Когда стало чуть-чуть полегче, Юдифь, прижимая к себе дочь, побежала за Купером, взяла его за руку и повела на юг, где, как она предполагала, находился форт Фишер. Купер послушно шел за ней, что-то бормоча как безумный. Долгий путь по залитому лунным светом берегу был похож на сон, словно они шли по дороге заколдованного королевства из историй мистера По. Наконец добрели до форта, и на следующее же утро в дюны был отправлен поисковый отряд, но тело Джуды так и не нашли.

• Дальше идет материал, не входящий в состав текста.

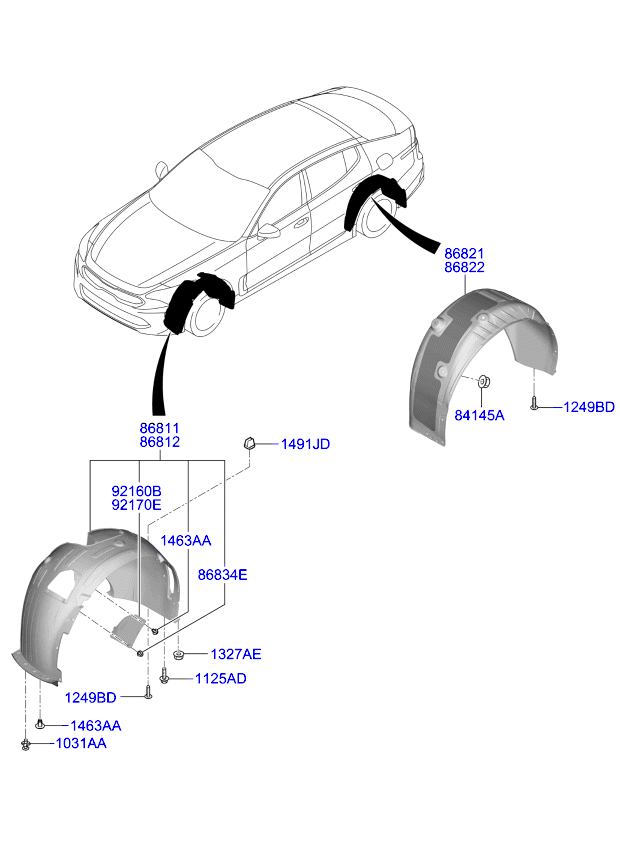 Parts meeting the search criteria : KIA Stinger 2020 3300 CC LAMBDA 2 RH FRONT WHEELHOUSE LINER 86812J5010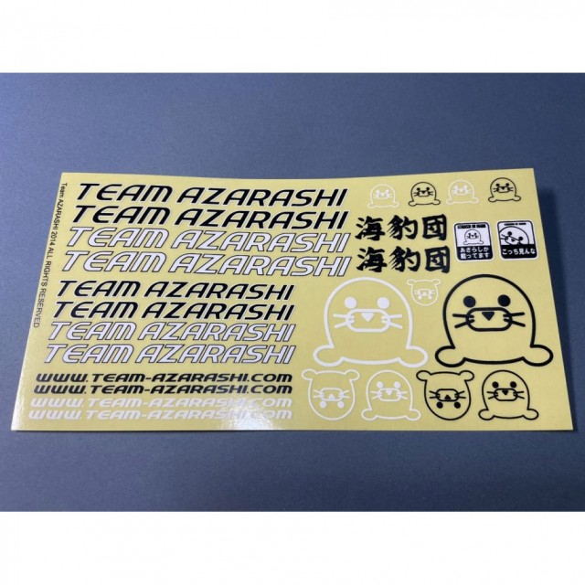 専用リヤウイング(ストレート形状・ラウンド形状各一枚)、チームあざらしステッカーが付属します。

Потом они проехали двадцать восемь миль по реке до города, где Купер свалился в горячке, и Юдифь всерьез опасалась за его жизнь. Теперь он поправился – по крайней мере, физически – и сидел возле окон, наблюдая за пирсом, на котором вооруженные солдаты следили за тем, чтобы на отплывающие корабли не проникли дезертиры.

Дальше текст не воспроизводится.